The Secret Life of Walter Mitty hits the nail on its message's head perhaps a bit strongly, but it's one we call all appreciate: Live life, guys. So it's about this shy, retiring guy who works at Life Magazine and who, seeking love and a missing photograph meant for Life's last ever cover, goes from dreamer to doer. Ben Stiller stars and directs, and gives the film a sharp photographic look, at least initially, adding movement and color as Walter starts to really live. It looks gorgeous and is definitely a feel-good film, with lots of locations and action worthy of the magazine whose aesthetic is emulated. It's not flawless, however. Seeing as the first act includes a lot of Walter's fantasies, it becomes difficult to trust the film maker when the adventure becomes real, because that adventure itself is somewhat heightened. A more cynical viewer may be in his or her rights to refuse suspension of disbelief, though the clues to the "reality" are there. But I, for one, bought into it. By turns charming, funny and touching. The DVD has too small a stills gallery, and three little featurettes on the look and sound of the piece.

I reviewed Her earlier this year, when it was in theaters, and needless to say I loved it. A second viewing this week made me more critical of the Samantha character, however, and brought a new layer to the film's exploration of relationships in the modern age. Despite the title, I first understood the film to be about HIM, and no stranger to crushing loneliness, identified with the male character, fell in love with Samantha just as he did, etc. By focusing on HER this time, I was taken by the character's intense selfishness, which makes complete sense in terms of Samantha's literal immaturity. In addition to that layer is the mirror between Samantha and Theodore's ex-wife, and between Sam and Theo themselves across relationships. It seems I'm not done seeing something new in this film, but then, it's a Spike Jonze movie. The DVD package is disappointing because I'd have liked to see more making of stuff; we only get a conversation about modern relationships by various people reacting to the film.

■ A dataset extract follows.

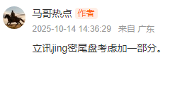 – Pro≈上代100%第三周平均交货期仅缩短2天,远低于去年同期iPhone 16的5天,显示供需依旧紧张;美国市场基础版与Pro Max仍无法店内现货提货iPhone 17系列整体销量已明确超越iPhone 16同期,标准版与Pro Max为主要增长引擎。这是昨晚复盘看到最新的销量情况,新17销量依然是只增不减,从这个数据分析来看,今年第四季度所有苹果17产业链业绩应该都不会差的,尤其是立讯精密拿到Pro Max整机唯一组装商(份额70%+),第四季度它的业绩能差吗,加上这一波股价又回落价值面了,接下来才是重头戏,昨天股价二次回踩十均线马哥果断加cang。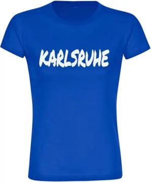 Damen T-Shirt - Karlsruhe - Textmarker - Druck weiß - Frauen Größe M blau

Hyperion to a Satyr posts this week:
V.i. Ophelia's Funeral - BBC '80


Anonymous said...

Sonuvagun, I didn't think anyone else even knew about "The Book of Life". It's one of those films that I realize isn't great, but I can't imagine any other film coming along and taking its place in my heart. Keep your eyes open for James Urbaniak (Dr. Venture) early on.

By now I'm sure you know about the surprise guest star at the end of "Her":

Siskoid said...

I'm just discovering Hartley's work. To date, it's interesting without necessarily lighting me on fire.